The `GenerativeUI` gem

GenerativeUI starts from a single idea: describe UI components once in a catalog, and derive everything else from it. In the current Rails/RubyLLM integration this catalog is wired up through the generate_ui tool, but the heart of the library isn’t the transport — it’s the catalog DSL. The demo app shows everything wired together end-to-end.

class ApplicationGenerativeCatalog < GenerativeUI::Catalog
  component "WeatherCard" do
    desc "Show current weather for one location."

    attributes do
      string :location
      number :temperature
      string :unit, enum: %w[c f]
      string :condition, required: false
      number :wind, required: false
      number :humidity, required: false
    end

    present_with :partial, "generative_ui/weather_card"
  end

  component "Comparison" do
    desc "Compare several weather cards side by side."

    attributes do
      many_components :items, only: "WeatherCard", min_items: 2
    end

    present_with :partial, "generative_ui/comparison"
  end

  component "QuickReply" do
    desc "Clickable option that sends a short reply back into the chat."

    attributes do
      string :label
      string :value
    end

    present_with :partial, "generative_ui/quick_reply"
  end

  component "Picker" do
    desc "Ask the user to choose between ambiguous options."

    attributes do
      string :prompt
      many_components :options, only: "QuickReply"
    end

    present_with :partial, "generative_ui/picker"
  end
end

This single declaration captures everything we used to keep in sync by hand:

the component name in the payload (WeatherCard, Comparison, Picker);
the description for the LLM (desc);
the attribute schema (attributes);
the structural relationships between components (one_component, many_components);
the render target for the application: convention-over-configuration by default, with present_with to point at a specific partial or component.
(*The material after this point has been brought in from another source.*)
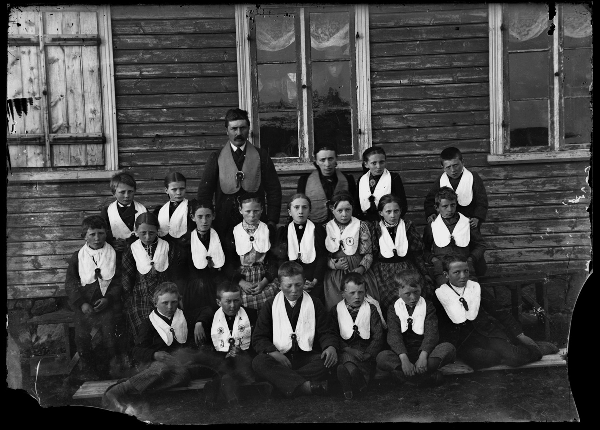 Hópur barna (18) með stúkukraga um hálsinn undir húsvegg. Karl og kona með annars konar stúkukraga aftan við hópinn. Barnastúka. Þekkja má konuna Önnu Guðjóhnsen Thoroddsen og út frá því má leiða líkur að því að myndin sé tekin í Keflavík undir vegg stúkuhúss Vonarinnar sem byggt var 1889 og stóð þar sem nú er Hafnargata 32.
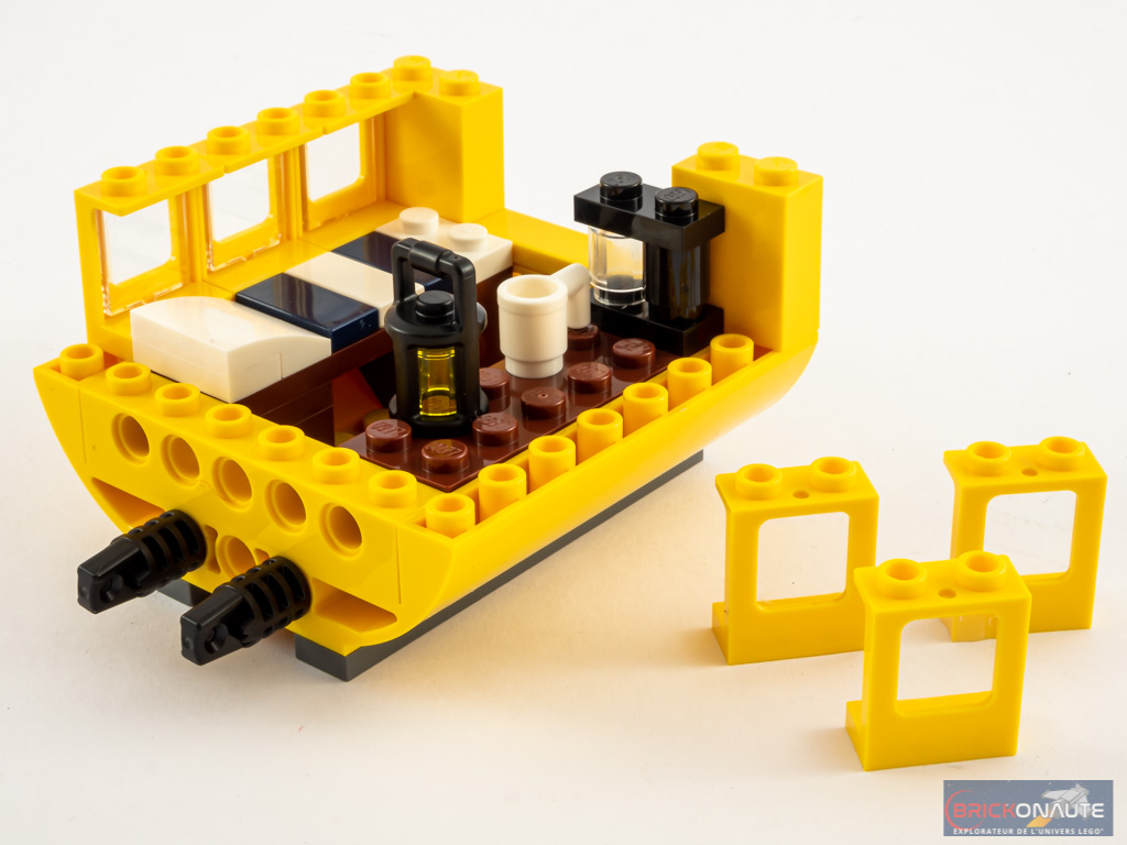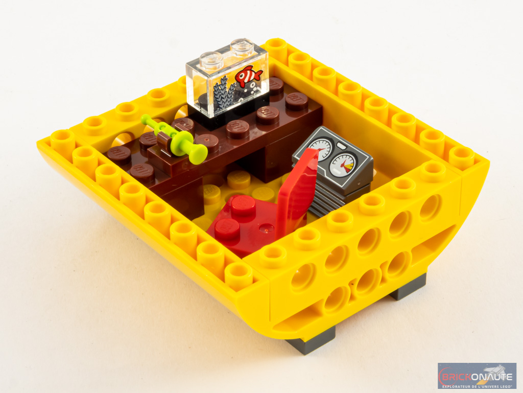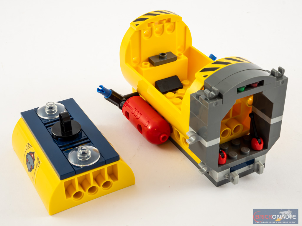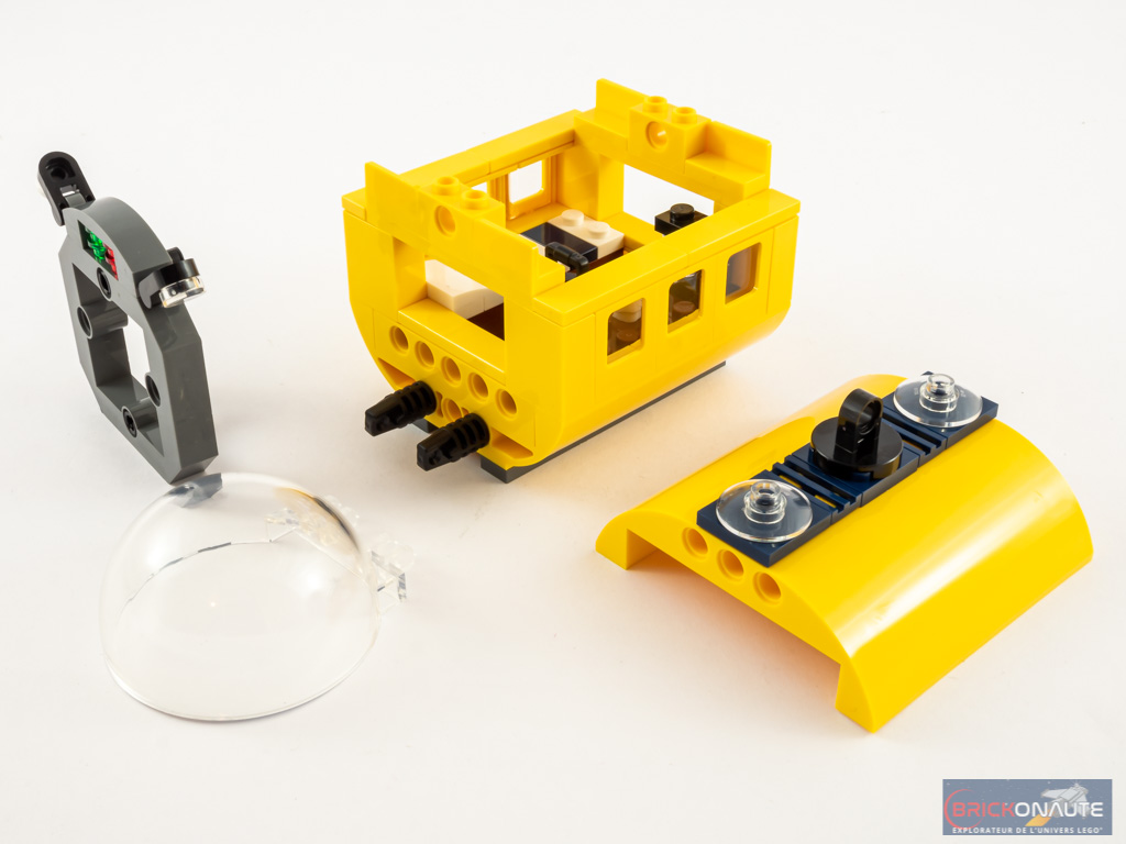 Le corps du sous-marin est monobloc et plutôt massif. Et malheureusement les deux extrémités sont fermées : il est donc impossible d’y pénétrer depuis le noyau, comme il est impossible pour l’opérateur de rejoindre son poste de commande. Hormis les deux manettes du poste de commande, l’intérieur n’est absolument pas aménagé. On termine la construction avec deux hélices, deux bras robotisés, le demi-dôme transparent et 6 spots disposés autour de ce dernier.

From this catalog the gem derives component descriptions for the LLM, the schema for generate_ui arguments, tree validation, and render targets.

The catalog can be registered as the default so you don’t have to pass it explicitly to every tool and render call:

# config/initializers/generative_ui.rb
GenerativeUI.configure do |config|
  config.catalog :default, "ApplicationGenerativeCatalog"
end

After that, the chat gets a catalog-bound tool:

tool = GenerativeUI::Tool.new

chat = Chat.create!
chat.with_instructions(<<~PROMPT)
  You are a helpful weather assistant.

  Tool guidance:
  - Use generate_ui when the answer should be shown as UI.
  - IMPORTANT: after calling generate_ui, do not add a final text answer.
    The tool call itself is the user-visible UI response.
PROMPT
chat.with_tool(tool)

chat.ask("Compare the weather in Novi Sad and Belgrade.")

GenerativeUI::Tool takes the selected catalog, merges its description into the tool description, and compiles the provider-facing JSON Schema for the arguments. At call time the tool validates the tree and returns a short result: { "status": "ok" } or { "status": "invalid", "errors": ... }.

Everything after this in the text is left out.